今年9月、防音Bluetoothマイクmutalk』が発売され、そのユニークな見た目とともに話題となった。「ネットを通して音声を発信する人」をターゲットに作られたというが、こうした「防音」の需要は昨今、より大きく広がっている。

【写真】発表されて話題を呼んだ、片手で持てる防音室『Voicease』

 新型コロナウイルス感染症の拡大により世界的に「一人で楽しむ趣味」の需要が拡大したのは記憶に新しい。動画配信や楽器の演奏が個人の趣味として人気を博し、2021年は楽器の売上が大きく向上したり、オーディオインターフェイスが全国的に品薄になったりと、趣味の新たなトレンドが産まれた。

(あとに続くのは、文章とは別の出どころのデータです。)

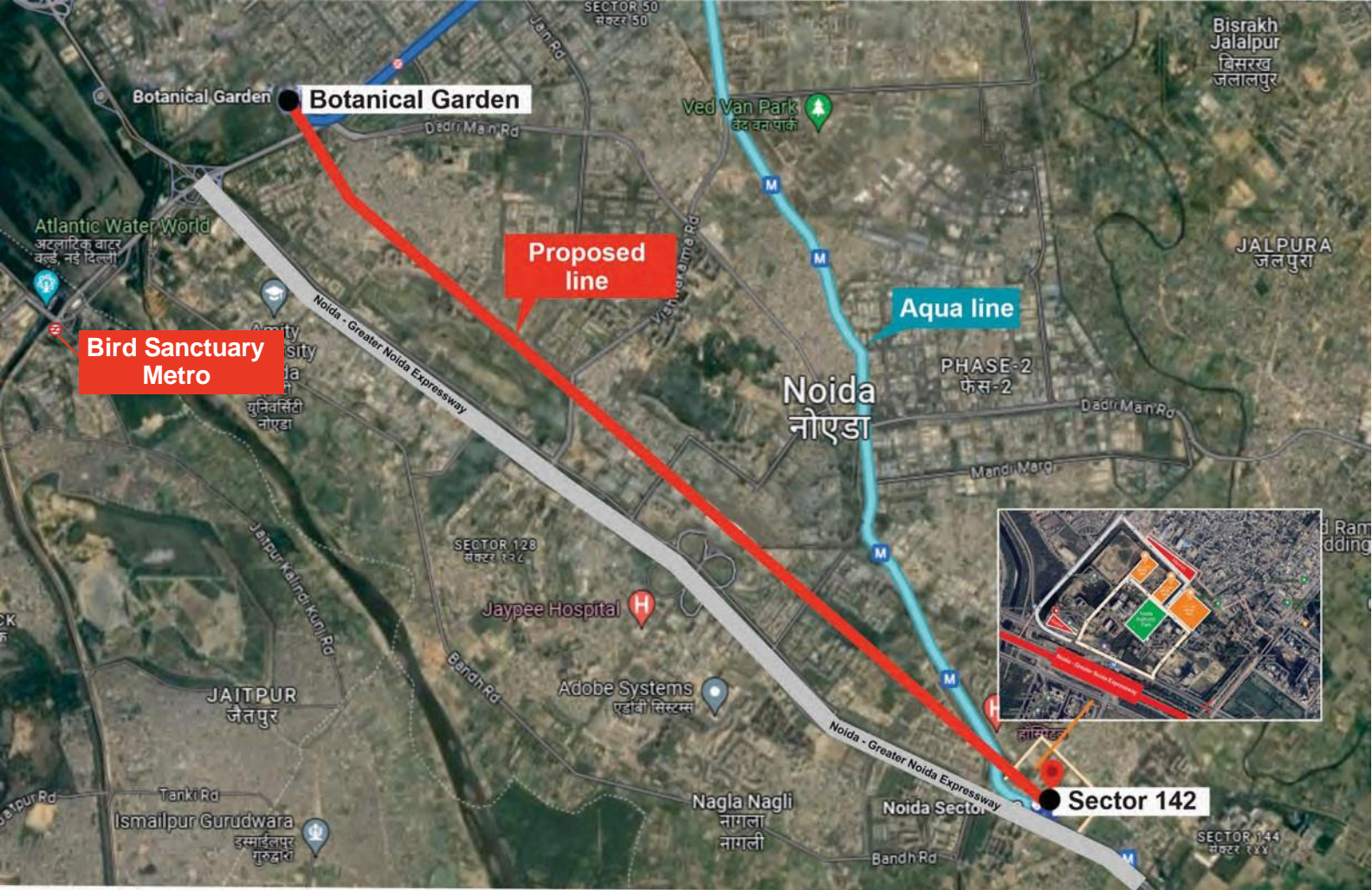
Connectivity between Delhi and Greater Noida (Proposed Direct Metro Link)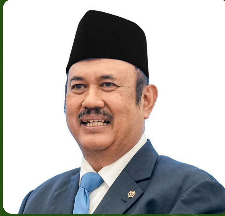
Prof. Dr. Ir. Rachmat Pambudy, M.S.*

Minister of National Development Planning / Head of Bappenas, Republic of Indonesia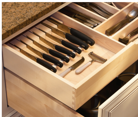
Knife Block Insert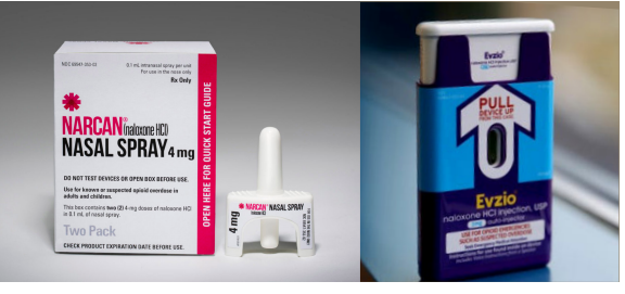
Examples of Naloxone.

Naloxone can save someone from an opioid overdose. It begins working within two (2) to three (3) minutes. The medicine comes in a spray (left picture) or injection device (right picture) that are both easy to use.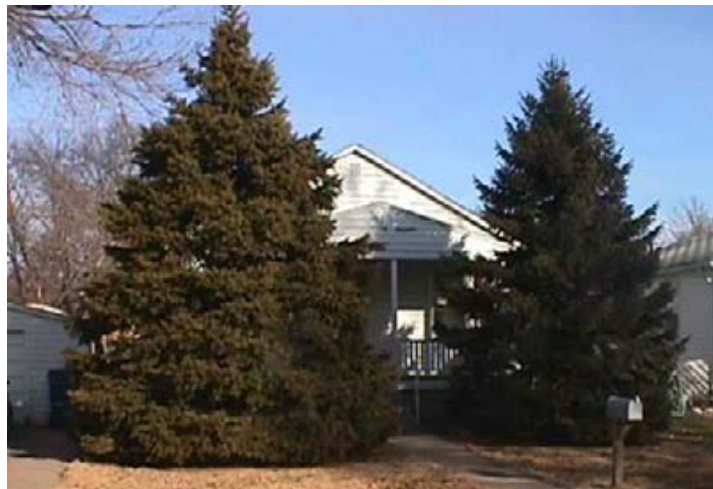
Spruce trees planted too close to front of house are now blocking the entrance and views.

Do some research before putting a plant in the ground and have a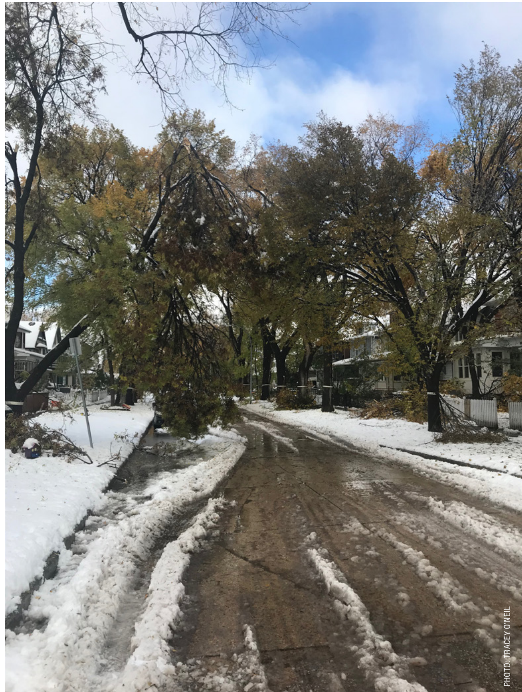
Broken and fallen trees in Wolseley after the fall storm.

Investing in trees today makes good financial sense. The urban forest is an essential part of the city's infrastructure and offers significant returns on everything from increased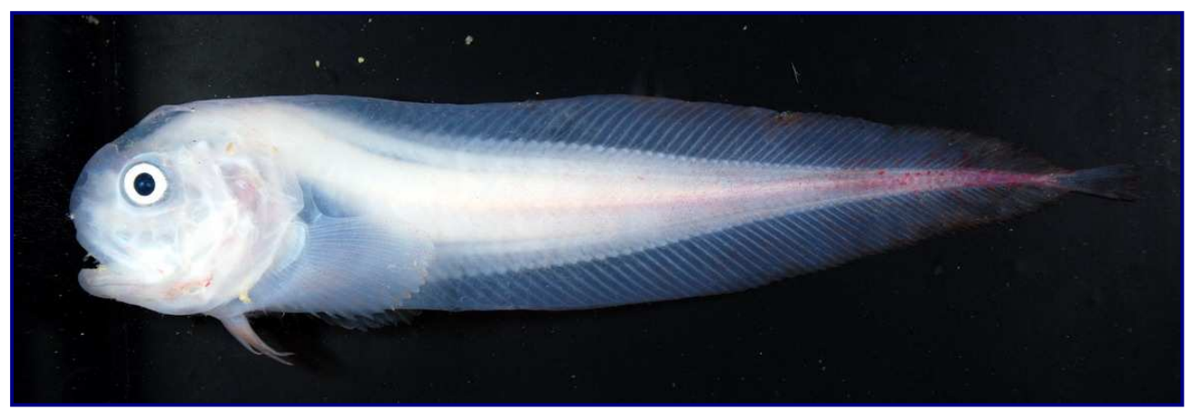
Fig. 12 One of the five varieties of snailfish collected to date.

The Liparidae (snailfishes) is a very unusual and taxonomically challenging family of fishes. The different species are difficult to distinguish, and accurate identification generally requires sophisticated techniques such as X-ray counts of numbers of vertebrae and fin rays. However, by careful examination of the specimens, and comparing the high quality colour photographs, it is clear that we have already caught at least five different species from the shelf and slope of the Ross Sea. Most species of snailfishes are relatively small with a length of 15–20 cm, but we have caught several specimens of Paraliparis sp. of almost double the length at 30–35 cm. Two days ago we completed our deepest bottom trawl to date at almost 2000 m depth and caught eleven specimens representing at least three different species – a veritable snailfish heaven!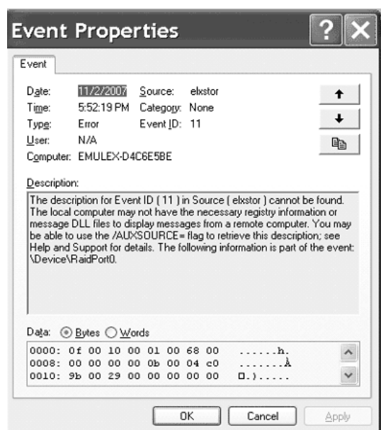
Figure 2: Event Properties

byte 0x10 = 9b, byte 0x11 = 00, byte 0x12 = 29, and byte 0x13 = 00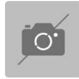
96432200 Key wrench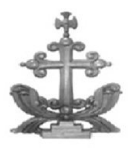
Compiled By St. Gregorios Indian Orthodox Church Mississauga, Ontario, Canada.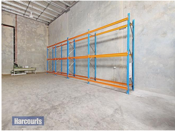
Warehouse Storage Area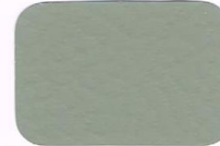
Shadow Green SG-90 3#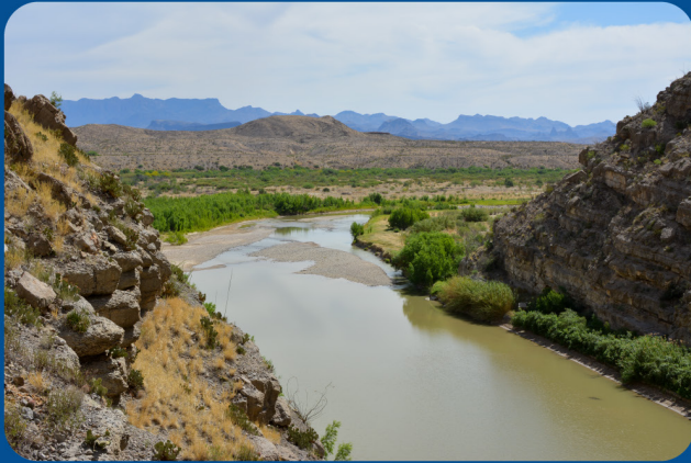
Remote and rugged mountainous terrain and border river areas, which include thick vegetation, in Texas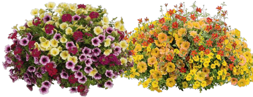
19. Girl's Night Out Supertunia® Bordeaux™ Petunia Supertunia® Limoncello™ Petunia Superbena® Royale Plum Wine Verbena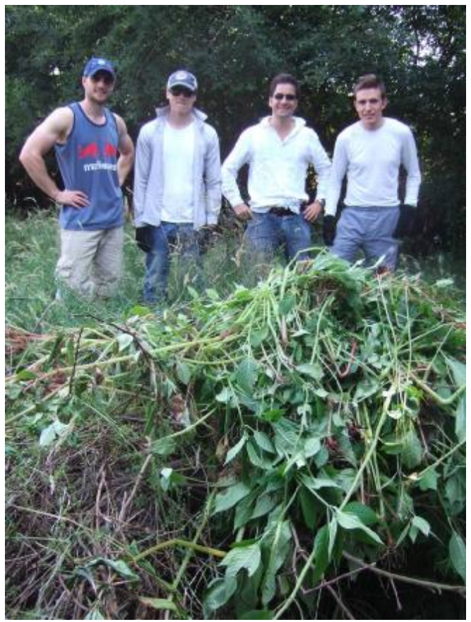
Staff from BMW's Finance Department pulled balsam on the Cadnam River at Southbrook Farm on 22 July 2013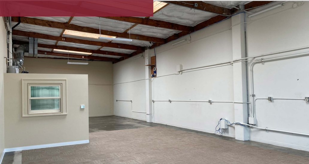
2421 SE 11th Avenue - Interior

2421-2455 SE 11th Avenue, Portland, OR 97214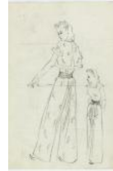
Printed Pajamas with Short-Sleeved Bolero Top (KA0067_000349)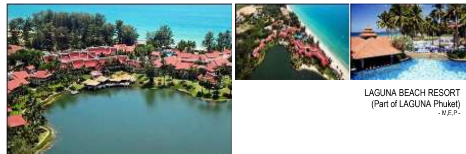
LAGUNA BEACH RESORT (Part of LAGUNA Phuket) - M.E.P. -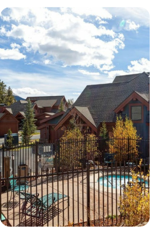
Breckenridge 23 | Page 5 of 5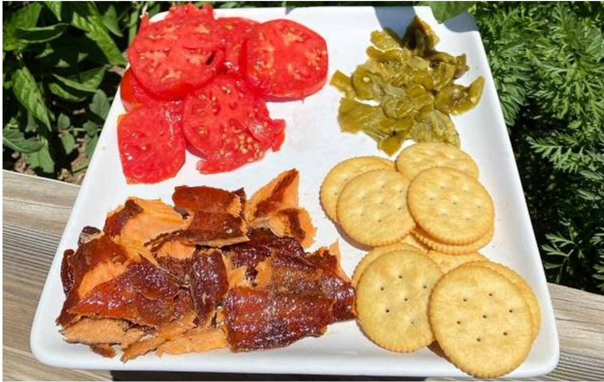
I cut the salmon, chile and tomato into bite-size pieces about the size of a Ritz cracker.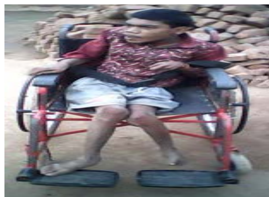
Figure: Provided assistive device to needy

type disabled children were given Braille book and a total of 06 VI children were able to go to school to and fro independently. Now, VI children are able to study with the help of Braille book. These children were able to travel around outside independently. The Cerebral Palsy (CP) children who were home bound earlier, are now travelling around with the help of Tricycle and Wheelchair.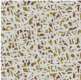
88100 Foundation 910 hidden edge color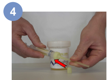
Place canula on urine monovette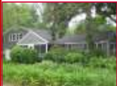
Fine Saugatuck 5 BR year round or rental home. Close to all town activities. $320,000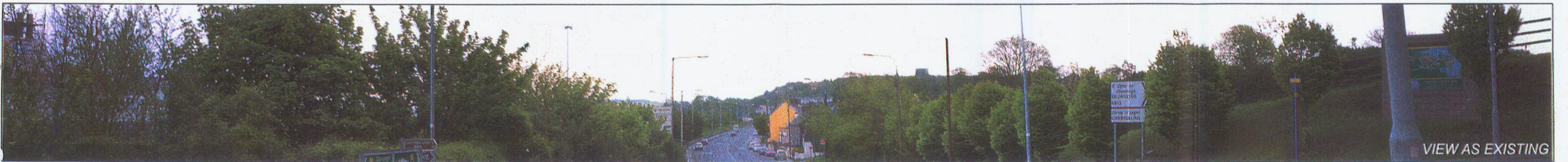
VIEW AS EXISTING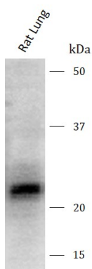
ARG24131 anti-Hsp 27 antibody [8A7] WB image

Immunohistochemistry: Human colon carcinoma stained with ARG24131 anti-Hsp 27 antibody [8A7] at 1:5000 dilution.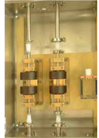
The PEF treatment enclosure contains two, separate dual-chamber PEF treatment assemblies. The chambers are manufactured under an exclusive license from The Ohio State University Research Foundation.

DTI's Pilot-Plant PEF Processing system represents an optimized approach to PEF processing research, process development, and small-scale commercial installations. Please contact us for more information and an initial assessment of your requirements.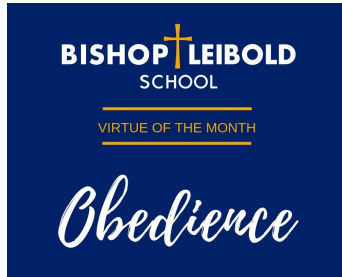
Helvetica and Playlist Script

Helvetica is the primary font to be used on Bishop Leibold marketing material. Additional fonts for headings, design, and social media usage include Playlist Script, KG Skinny Latte, and Strawberry Blossom.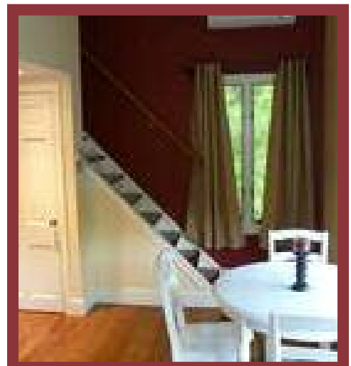
Stairway to heaven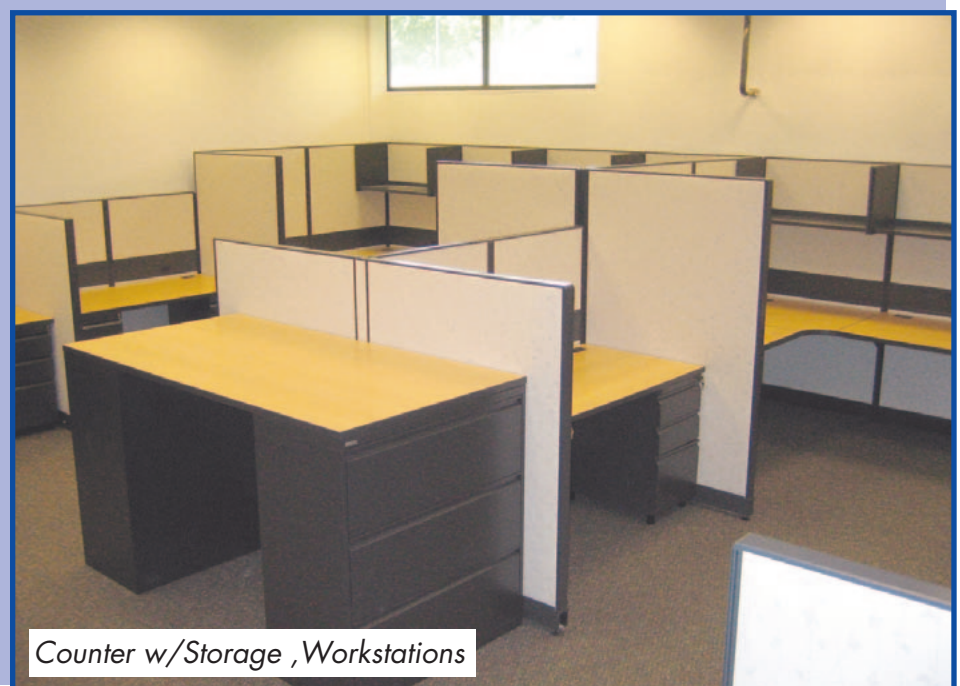
Counter w/Storage ,Workstations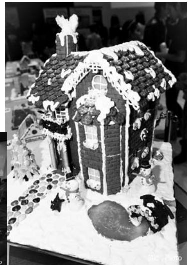
Snapshots from the Winter Family Festival, including the winner of the Gingerbread House Contest.

We would like to give a huge thank you to the volunteers, sponsors, staff, and members of the Winter Family Festival planning committee for their help and support. Without them, the event would not have been as successful as it was. Seeing smiles everywhere and with so much positive response from the community, we are looking forward to a wonderful festival again later this year!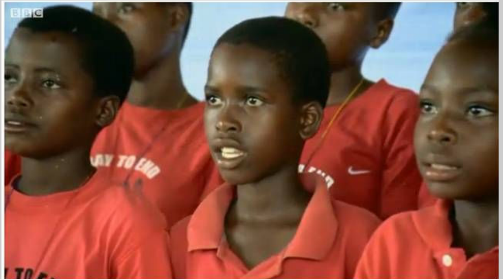
Children wearing t-shirts emblazoned with the message 'Pray to end child sacrifice' are filmed as part of the BBC News report on Jubilee Campaign's findings in Uganda.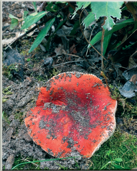
A wild mushroom in the forest.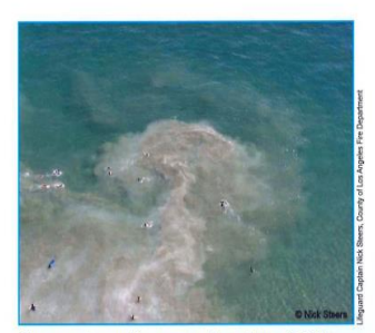
Rip currents sometimes generate a plume of visible sediment moving away from shore.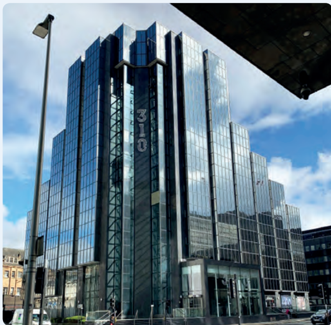
310 St. Vincent Street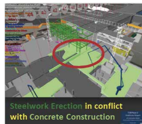
Steelwork Erection in conflict with Concrete Construction

enables designers and contractors to simulate operational procedures to check that they are going to work as intended and without risk before construction.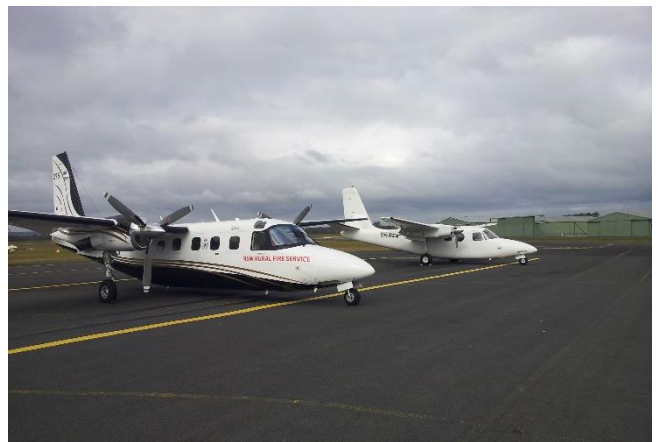
This shot was taken on the tarmac at Ballarat Airport after the short flight from Stawell.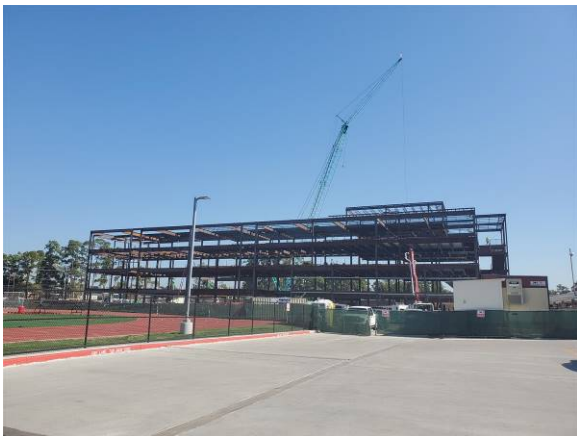
Overall from the west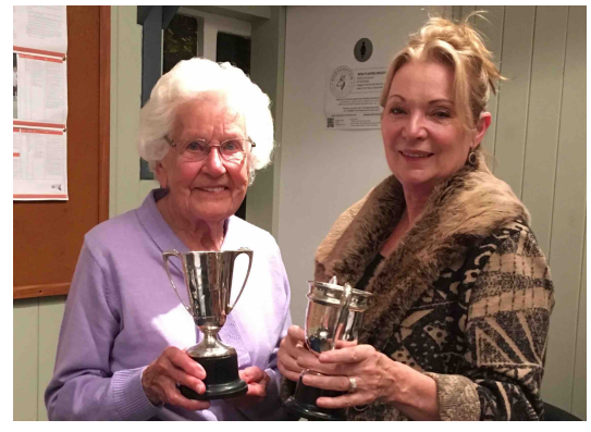
The Lady Corry Cup The best vase of multiflora roses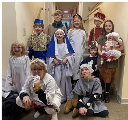
Children gather minutes before the pageant for a last minute photo op.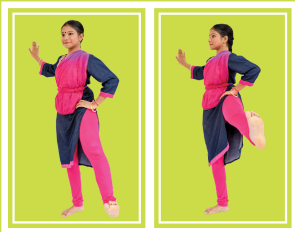
Lateral leg Swings

It is important for dancers to warm up before any dance activity to prepare the body for longer training. A warm-up should include exercises for ankles, knees, hips, shoulders, elbows and wrists.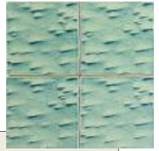
6x6 Wind Serenity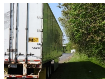
Do not park or store items near trees or bushes.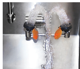
Optional Eye Wash (-EW) safety feature.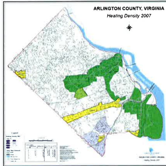
Figure 2: Arlington County – Potential District Energy Zones

The CEP also calls for about 150 MW of distributed cogeneration to both reduce the peak loads on the wider grid, to generate heat for the district energy system and to greatly reduce the GHG footprint. To both reduce the summer peak, and to further reduce GHG emissions, the plan recommends installing a total of 160 MW of Solar PV capacity by about 2035. Like the widespread increases in efficiency, these strategies have the potential to promote transformational job growth in the district energy, and clean and renewable energy sectors.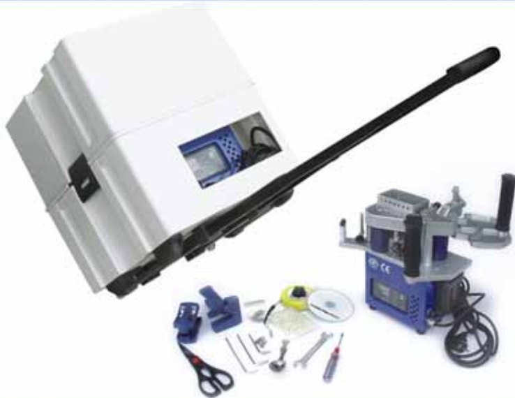
可移动塑料箱 / 铁箱包装 Packing Plastic Box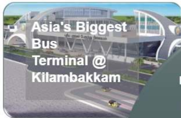
Asia's Biggest Bus Terminal @ Kilambakkam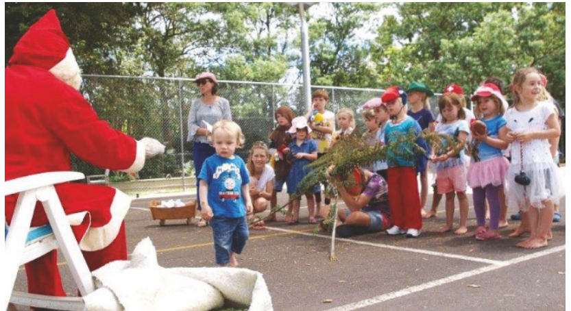
Santa watches the nativity play at Hamilton Christmas party

 「巣ごもり需要」におけるトレンドの変化・拡大は現在に至るまで続いており、特に動画投稿・配信を楽しむユーザーはこの2年で大きく増えている。TikTokをはじめとする動画SNSが普及し、配信系のプラットフォームもスマートフォン1台で投稿できるものなど選択肢が増え、「投げ銭」のようなシステムもこの数年で整備されてきた。動画投稿や配信を楽しむことのハードルが大きく下がったのだ。

 このような状況下で度々語られるのが、「騒音」にまつわるトラブルだ。「歌枠」のように歌唱や演奏を伴うコンテンツはもちろん、ゲーム実況などにおいては熱っぽい配信者が叫ぶような動画もたくさんある。特に日本の住宅事情を考えると、こうしたコンテンツの制作には気を使うことが必須だろう。実際、深夜に生配信をするVTuberの近隣トラブルがSNSで話題になった事例もある。家を借りる際に一軒家を選ぶゲーム実況者も居るようだ。防音・静音を実現するソリューションの需要は、こうした状況で高まり続けている。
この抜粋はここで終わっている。